◆ The problem ◆
Repeat the data that follows exactly, starting at the line with "在上述粉塵中,A2塵與氣相法" and ending at the line with "Слайд 14Задания 26-31", and leave out every picture.

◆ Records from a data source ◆
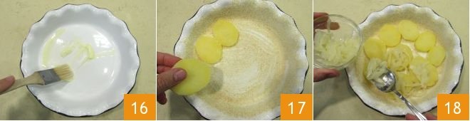 At this point, you're ready to assemble the Lyonnaise potatoes: take a 10-inch diameter baking dish, grease it with butter 16 and sprinkle with breadcrumbs; form the first layer by placing the potatoes on the bottom of the dish without overlapping them 17, then add half of the stewed onions 18,
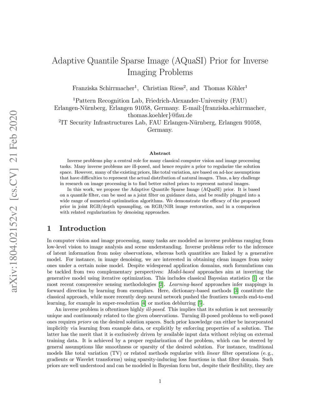 Inverse problems play a central role for many classical computer vision and image processing tasks. Many inverse problems are ill-posed, and hence require a prior to regularize the solution space. However, many of the existing priors, like total variation, are based on ad-hoc assumptions that have difficulties to represent the actual distribution of natural images. Thus, a key challenge in research on image processing is to find better suited priors to represent natural images. In this work, we propose the Adaptive Quantile Sparse Image (AQuaSI) prior. It is based on a quantile filter, can be used as a joint filter on guidance data, and be readily plugged into a wide range of numerical optimization algorithms. We demonstrate the efficacy of the proposed prior in joint RGB/depth upsampling, on RGB/NIR image restoration, and in a comparison with related regularization by denoising approaches.
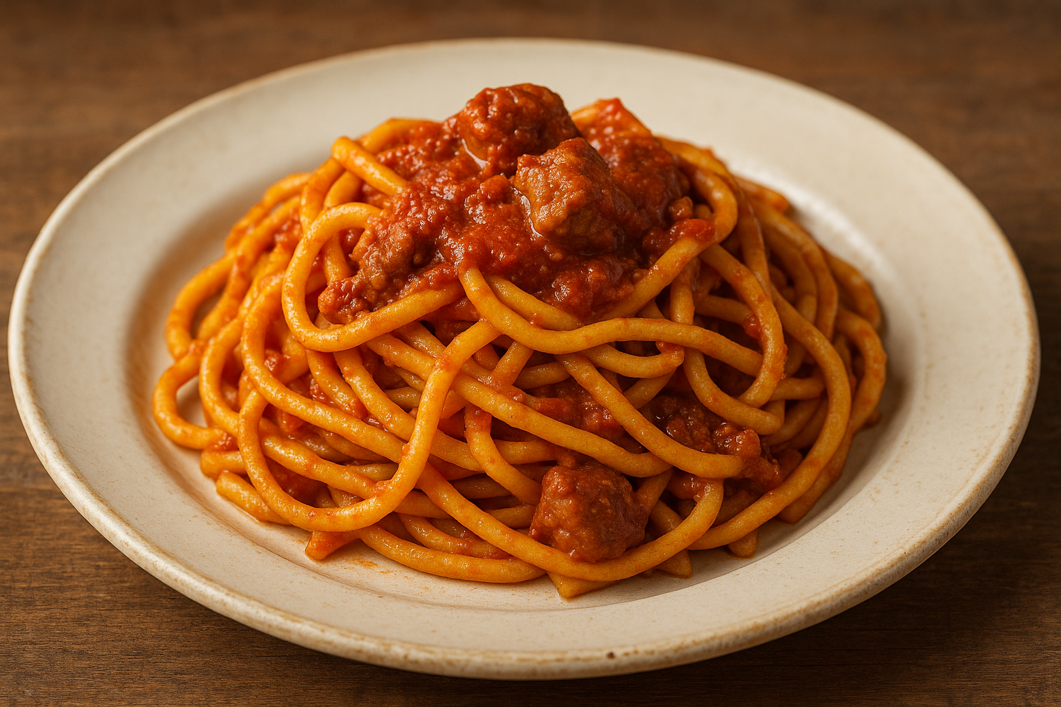 I Maccheroni alla chitarra sono un formato di pasta fresca tipico dell’Abruzzo, ottenuto stendendo la sfoglia e tagliandola con l’“apposito telaio di legno” teso con fili d’acciaio, chiamato appunto chitarra. Il risultato è una pasta a sezione quadrata, ruvida e porosa, ideale per trattenere sughi ricchi. Tradizionalmente, nell’entroterra si condiscono con ragù di carne mista (agnello, maiale e manzo), mentre lungo la costa abruzzese si prediligono sughi di pesce e crostacei.
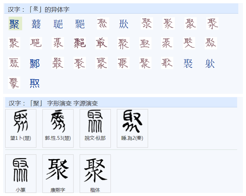 《说文解字》:“聚,会也。从乑、取声。邑落云聚。”。
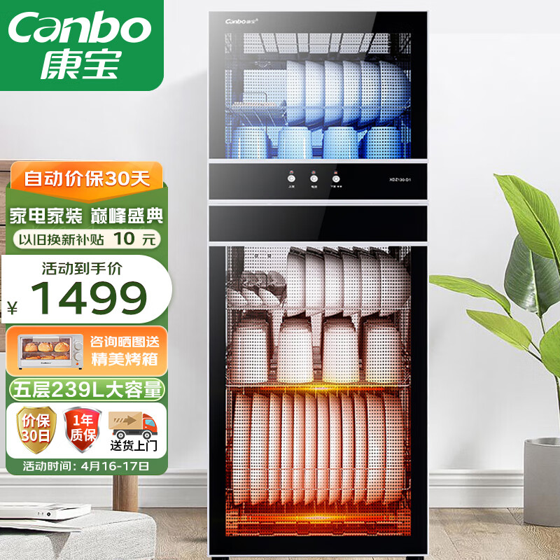康宝(Canbo)消毒柜 家用 立式消毒碗柜大容量 商用碗筷收纳柜餐具茶杯柜双门碗柜XDZ239-D1(ZTP350D-1)价格:1499.00元!
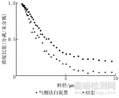 在上述粉塵中,A2塵與氣相法白炭黑在粒徑特性上各具一定代表性,在3.3節(jié)中將進(jìn)一步研究這2種粉塵作為高效過濾器容塵性能試驗(yàn)用塵源的可行性。圖9顯示了在使用分離器與不使用分離器的情況下,A2塵與氣相法白炭黑發(fā)塵濃度各自的比值??芍S粒徑的增大,旋風(fēng)分離器對(duì)粒子的去除效果逐漸增強(qiáng),但由于粉塵堆積密度、團(tuán)聚能力等物理性質(zhì)的差異,分離器對(duì)不同塵源的去除效果有所不同。
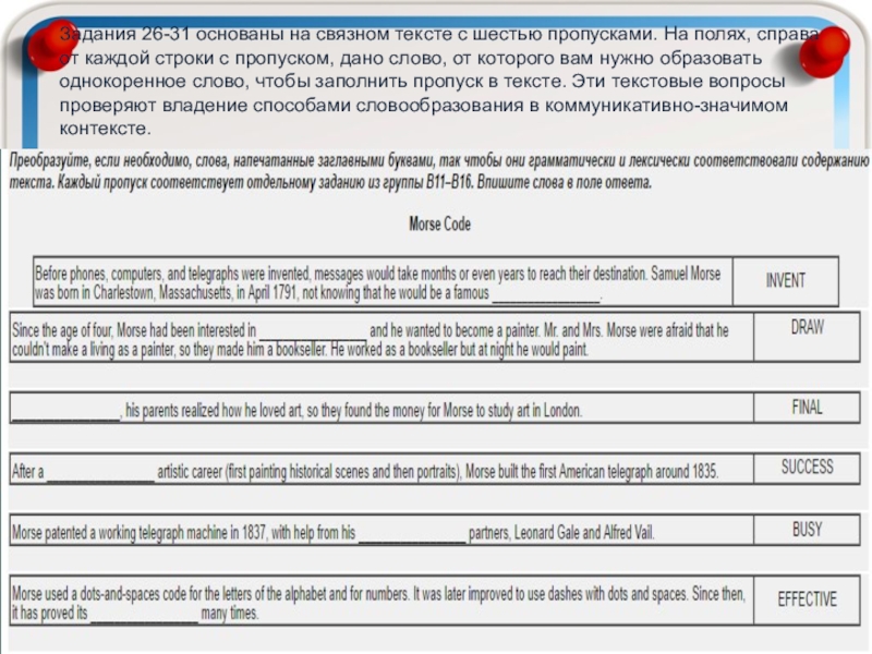 Слайд 14Задания 26-31 основаны на связном тексте с шестью пропусками. На полях,
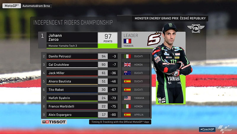 L’officiel Honda a cinq succès à son compte, Dovi deux soit autant que Por Fuera, Crutchlow en comptant un. Et Yamaha toujours aucun. Dovizioso passe troisième au général au détriment de Vinales et Johann Zarco glisse au sixième rang puisque Lorenzo le passe. Il reste néanmoins premier des indépendants avec Petrucci et Crutchlow grossissant dans son rétroviseur… Au bal des débutants, Syahrin reste devant Morbidelli pour deux unités.
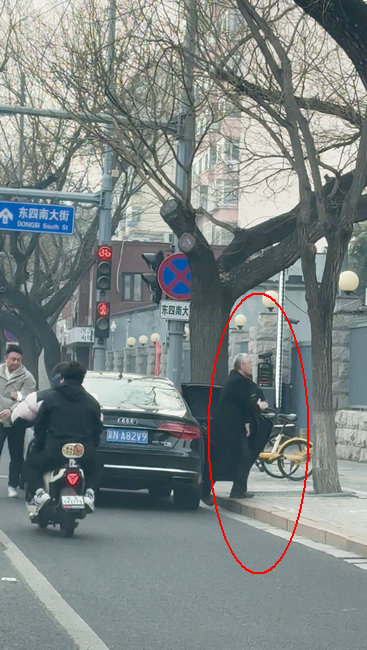 图九:阎红革手拿礼品乘坐驻京办黑色红旗轿车(京LJW126)回家

◆ Output for this exercise ◆
 在上述粉塵中,A2塵與氣相法白炭黑在粒徑特性上各具一定代表性,在3.3節(jié)中將進(jìn)一步研究這2種粉塵作為高效過濾器容塵性能試驗(yàn)用塵源的可行性。圖9顯示了在使用分離器與不使用分離器的情況下,A2塵與氣相法白炭黑發(fā)塵濃度各自的比值??芍S粒徑的增大,旋風(fēng)分離器對(duì)粒子的去除效果逐漸增強(qiáng),但由于粉塵堆積密度、團(tuán)聚能力等物理性質(zhì)的差異,分離器對(duì)不同塵源的去除效果有所不同。
 Слайд 14Задания 26-31 основаны на связном тексте с шестью пропусками. На полях,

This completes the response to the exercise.